## DIRECTIONS FOR THIS TASK
Word for word, restate the lines of the data below between those holding "Three page document" and "Oostermeerweg 65 is", inclusive; pictures do not belong in the copy.

(DATA Opens)

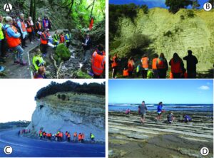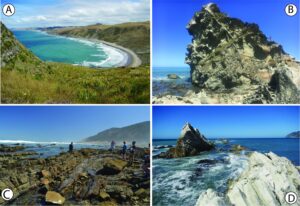 Massey University Earth science undergraduate field courses have undertaken mapping projects in the East Coast, from Makuri east of Dannevirke to Castlepoint Station (Fig. 10D) and south to Honeycomb Rock and White Rock. Here students tackle complex geological problems involving faulting and folding related to accretionary prism development. The experience and knowledge gained during these field courses have led the authors to realise the enormous geoheritage value of the region and the need for it to be promoted to the general public through geoeducation programmes.
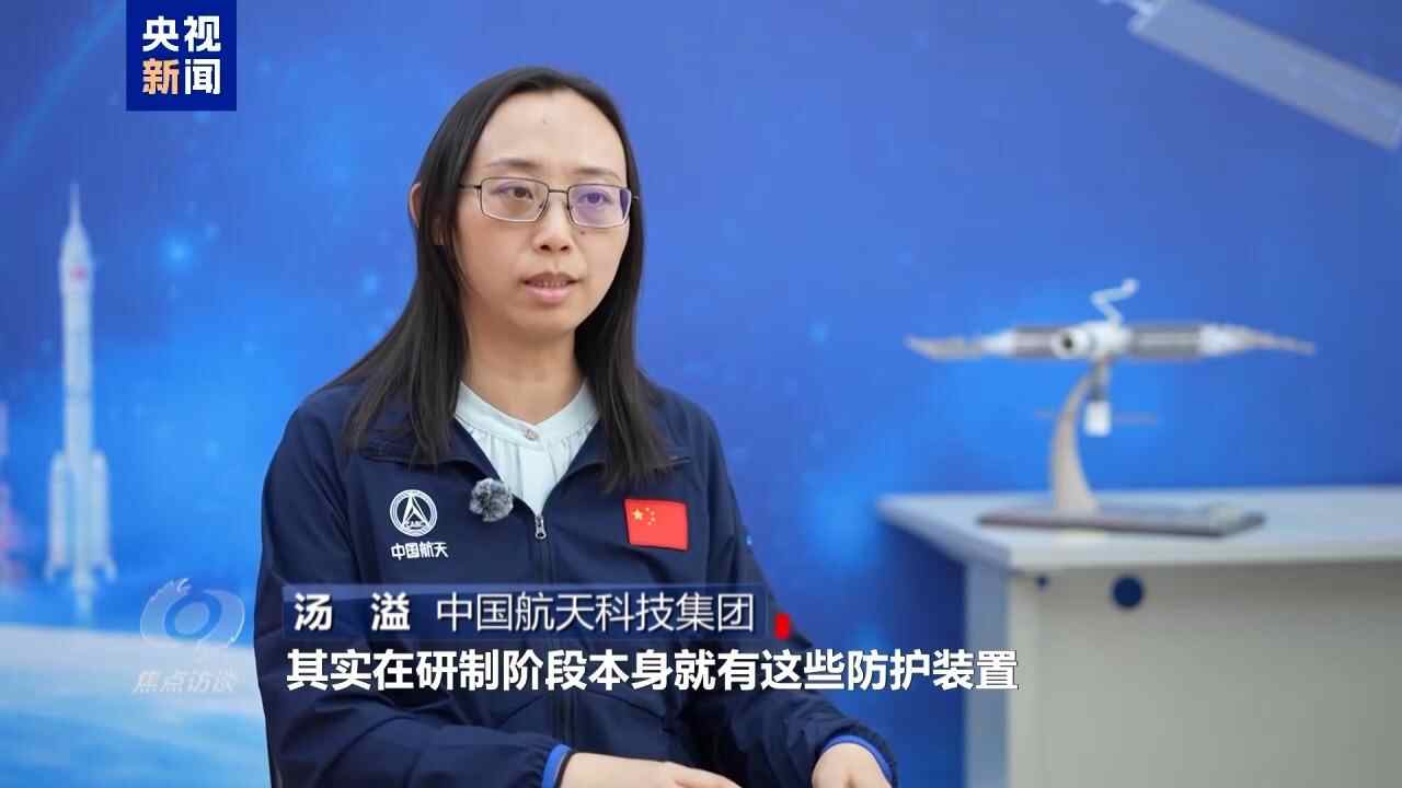 中国航天科技集团 汤溢:随着人类航天活动的增加,空间碎片环境日益恶劣,所以空间站也遭受到了微小碎片的撞击。在研制阶段本身就有防护装置,空间环境进行再认识之后又会识别一些薄弱环节,为了进一步提高这方面的能力,应对更加恶劣的空间环境,航天员会装一些防护设备,挡在外围,当空间站迎接撞击的时候就不会直接伤害到它。
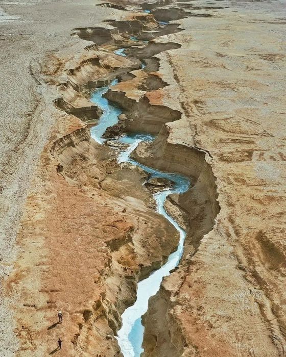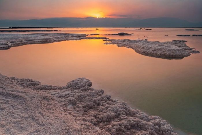 Mặc dù gọi là Hồ Chết, thực tế đây là một hồ nước mặn, nằm ở biên giới giữa Israel và Jordan. Khoảng 3 triệu năm trước, khu vực này là một vịnh hẹp, mở ra Biển Địa Trung Hải, tạo ra các lớp muối. Sau đó, do sự chuyển động địa chất, vịnh trở thành một hồ nước lớn.
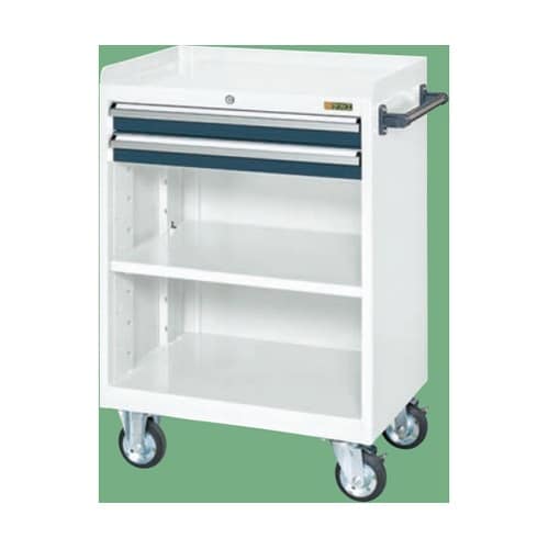 サカエ キャビネットワゴン(棚板付) W700×D480×H1025mm 48kg (本体)パールホワイト、(引出)ダークグレー CV−102TWD A0AW-3287
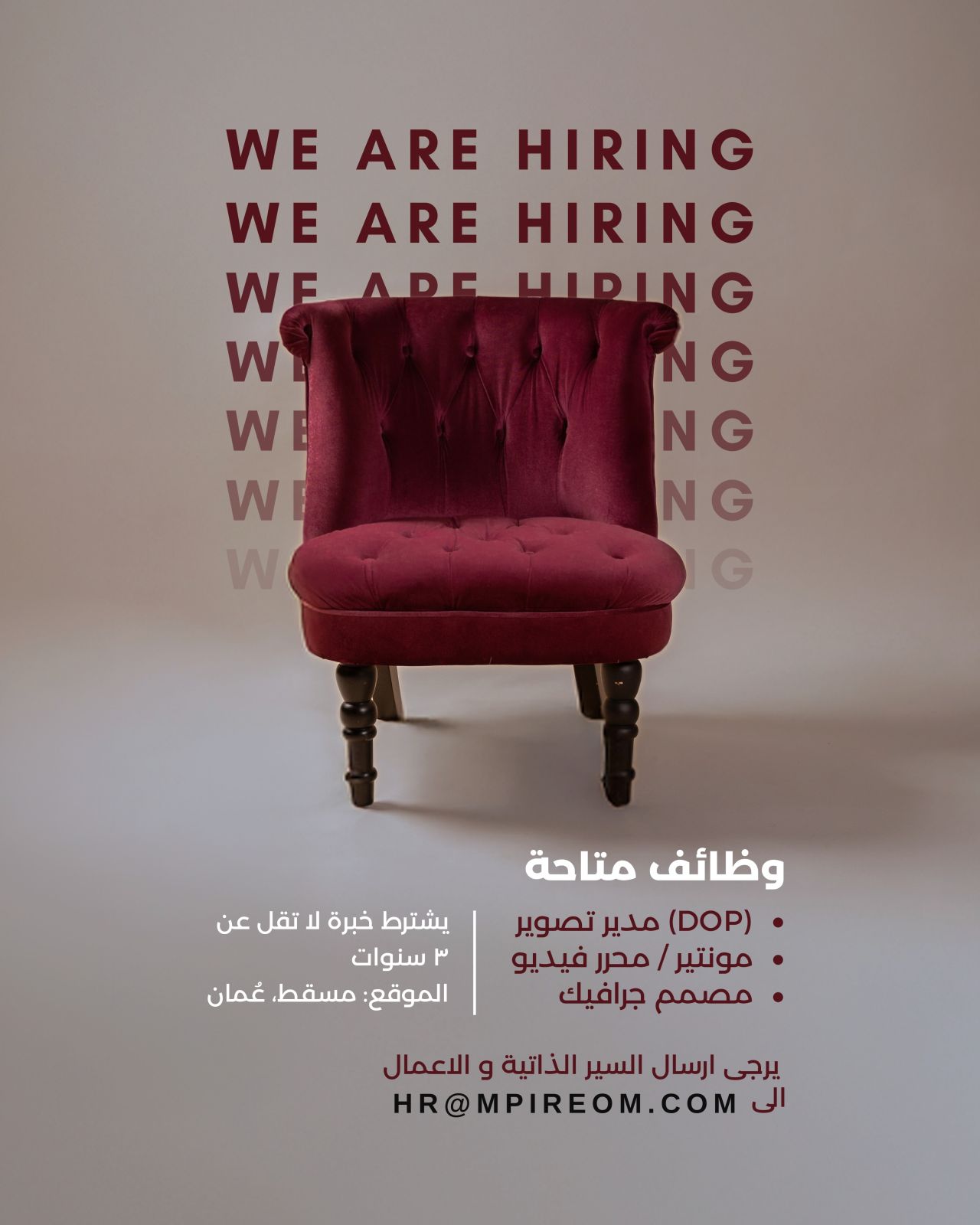 تعلن Mpire Productions عن حاجتها لشغل المناصب التالية ضمن فريقها في مسقط، عُمان وهضيت بناء على ما تم الاعلان عنه رسميا من الجهات المختصة :
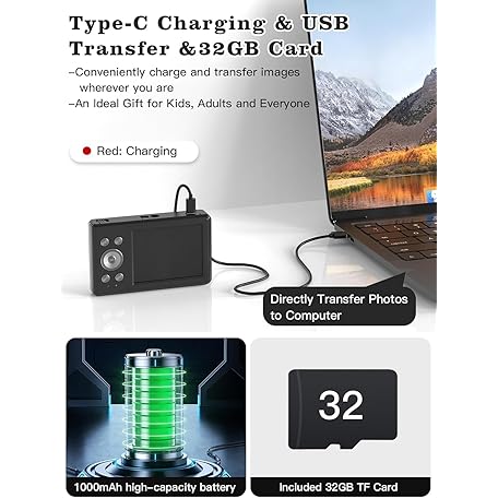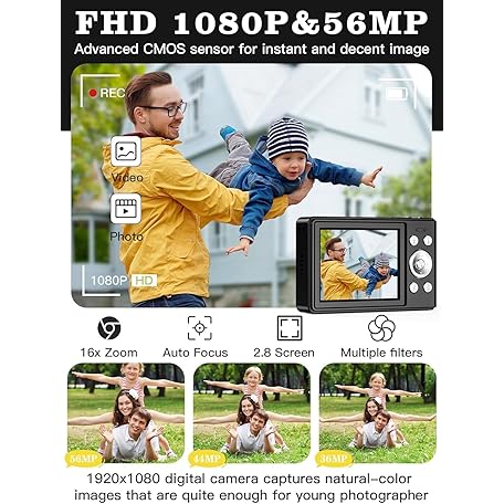 Thông tin sản phẩm Upgrade Digital Camera, 56MP FHD 1080P for Kids with 16x Zoom Anti Shake, 32GB TF Card, Two Batteries, Lanyard, Compact Small for Boys Girls (Black)
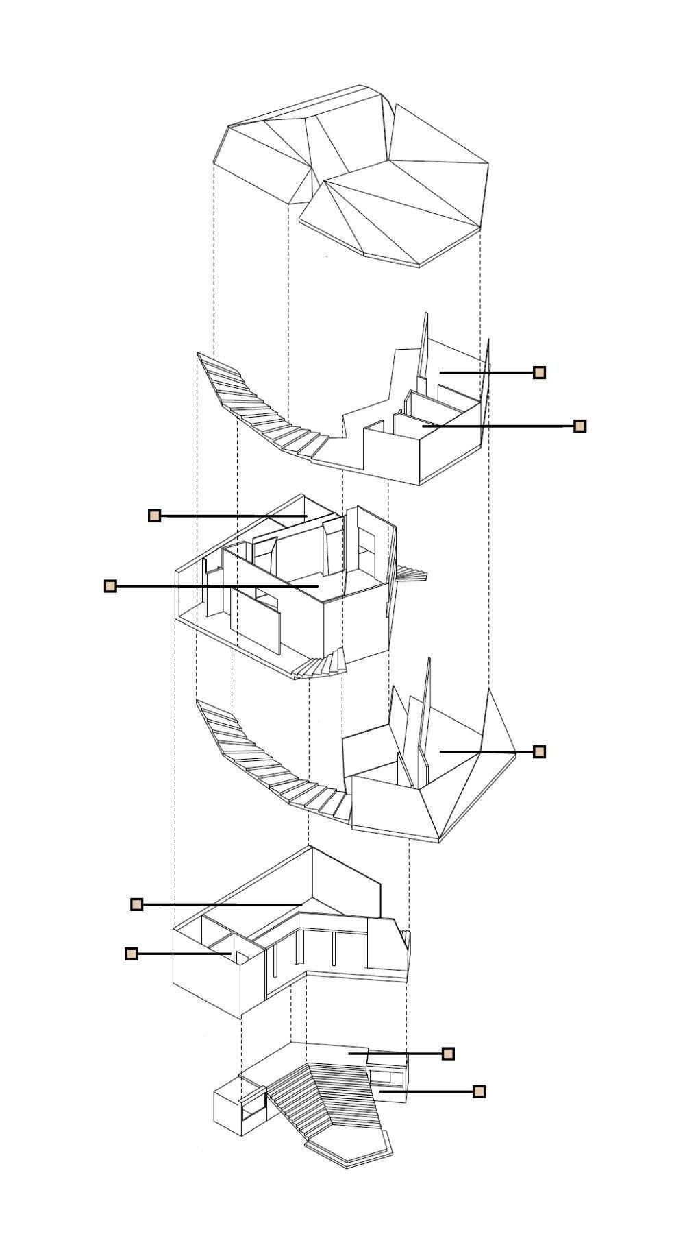 based off of the blues scale, blu house fluctuates in height to mimic the progression of notes. it is modeled in the shape of a loose knot, suggesting a looping melody that weaves and builds off of itself- growing and ebbing to the sound of the music.
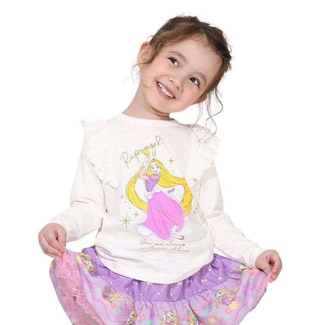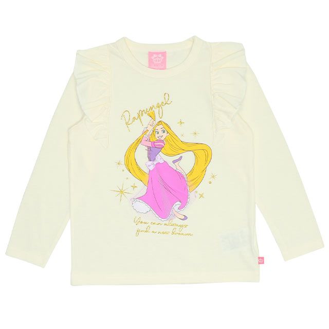 【ベビードール】ラプンツェル プリンセス / 肩フリルロンT 9693K / キッズ トップス 長袖 立体モチーフ 一部ラメプリント、チュール 天竺素材 お姫様 ガーリー
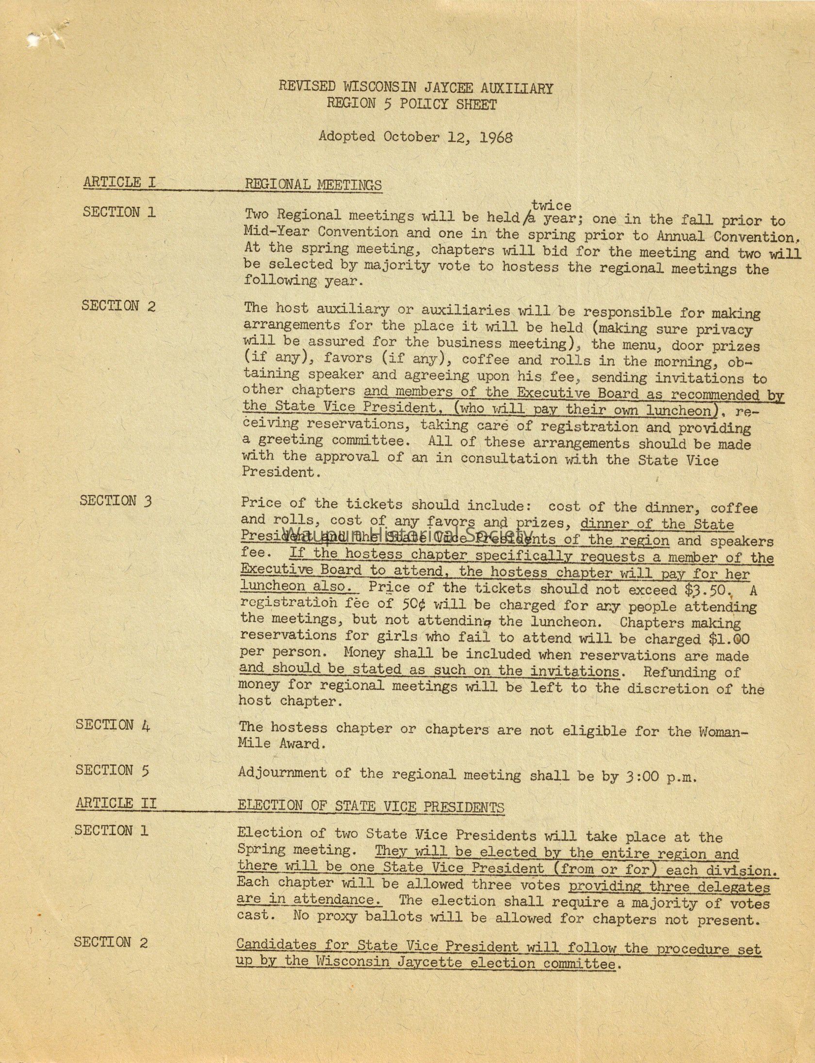 Three page document outlining the REVISED WISCONSIN JAYCEE AUXILIARY REGION 5 POLICY SHEET. Adopted October 12, 1968. Nine articals typed on heavy green paper(construction paper type) somewhat discolored over time.
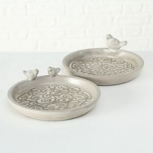 Феллида - садовая декоративная кормушка для птиц, которая станет не только любимым местом пташек, но и стильным украшением, подчеркивающим эстетику летнего сада. Узорчатая тарелочка в нежно-сером окрасе идеально впишется в зеленый ландшафт территории: поставьте ее на пенек или каменную горку, чтобы создать атмосферу райского местечка, наполненного птичьими трелями!
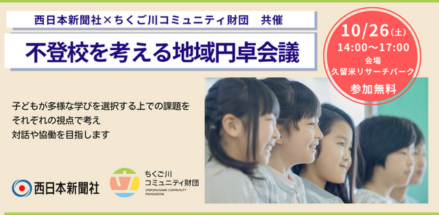 一般財団法人ちくご川コミュニティ財団(所在地:福岡県久留米市梅満町、代表理事:宮原信孝、以下「ちくご川コミュニティ財団」)は、不登校の子どもたちが置かれている状況や課題について市民が集まって考える「不登校を考える地域円卓会議」を、株式会社西日本新聞社(本社:福岡県福岡市中央区、代表取締役社長:田川大介、以下「西日本新聞社」)と共催いたします。
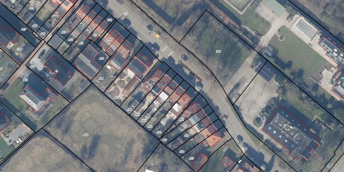 Oostermeerweg 65 is gelegen op kadastraal perceel ASV00W444. Deze kadastrale aanduiding is uniek en wordt gebruikt door het Kadaster om eigendomsrechten en andere zakelijke rechten vast te leggen. Het perceel maakt onderdeel uit van de kadastrale gemeente Amstelveen.
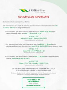 La aerolínea venezolana Laser Airlines anunció que retomará su operación en la conexión Caracas–Madrid a partir del lunes 13 de abril de 2026, luego de ajustes operativos que derivaron en cambios de itinerario y la reasignación de pasajeros afectados.
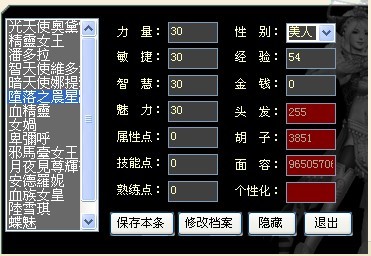 5.何谓变态修改器?当然不光能做出变态的数据来,还可以真正的变态,比如说嬷嬷茶那一天想不开了马上可以变性为雅米拉,可能这个功能华而不实,不过与我暂时放弃和禁用的板块息息相关,比如修改头发、面容、个性化等禁用功能,很可惜,可以让模型导入导出进入一个新的理念,我相信有条件的话我会做出这一块的
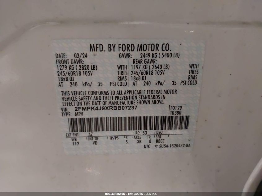 Колір БілийЦиліндри 4Привід Повний привідVIN 2FMPK4J9XRBB07237Стан Заводиться та їде (перевірено)Ушкодження Передня і задня AutoRIA
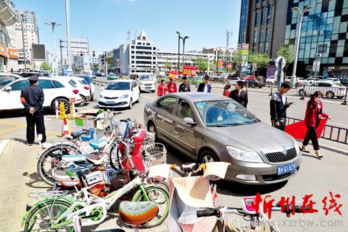 經(jīng)過連續(xù)幾年大干城建年和如火如荼的創(chuàng)衛(wèi)建設,忻州市民欣喜地看到城區(qū)發(fā)生了巨大的變化,路寬了,樹綠了,現(xiàn)代化建筑鱗次櫛比。城市硬件設施的提升,更需要文明軟實力的提升,可是總有一些人,自身素質跟不上文明的腳步,譬如近日記者在街頭看到,有人將電動車停放在機動車之間,有人扎堆將自行車電動車無序停放在街道邊,還有的司機在禁停標志前赫然停放車輛,讓城市秩序頓顯零亂之感。圖一為城區(qū)七一路網(wǎng)通公司門前自行車輛亂停亂放;圖二為有人將電動車停放在機動車之間;圖三為一輛轎車在禁停標志前橫跨盲道停放。(魯明強)

(DATA Closes)

## RESULT OF THE TASK
 Three page document outlining the REVISED WISCONSIN JAYCEE AUXILIARY REGION 5 POLICY SHEET. Adopted October 12, 1968. Nine articals typed on heavy green paper(construction paper type) somewhat discolored over time.
 Феллида - садовая декоративная кормушка для птиц, которая станет не только любимым местом пташек, но и стильным украшением, подчеркивающим эстетику летнего сада. Узорчатая тарелочка в нежно-сером окрасе идеально впишется в зеленый ландшафт территории: поставьте ее на пенек или каменную горку, чтобы создать атмосферу райского местечка, наполненного птичьими трелями!
 一般財団法人ちくご川コミュニティ財団(所在地:福岡県久留米市梅満町、代表理事:宮原信孝、以下「ちくご川コミュニティ財団」)は、不登校の子どもたちが置かれている状況や課題について市民が集まって考える「不登校を考える地域円卓会議」を、株式会社西日本新聞社(本社:福岡県福岡市中央区、代表取締役社長:田川大介、以下「西日本新聞社」)と共催いたします。
 Oostermeerweg 65 is gelegen op kadastraal perceel ASV00W444. Deze kadastrale aanduiding is uniek en wordt gebruikt door het Kadaster om eigendomsrechten en andere zakelijke rechten vast te leggen. Het perceel maakt onderdeel uit van de kadastrale gemeente Amstelveen.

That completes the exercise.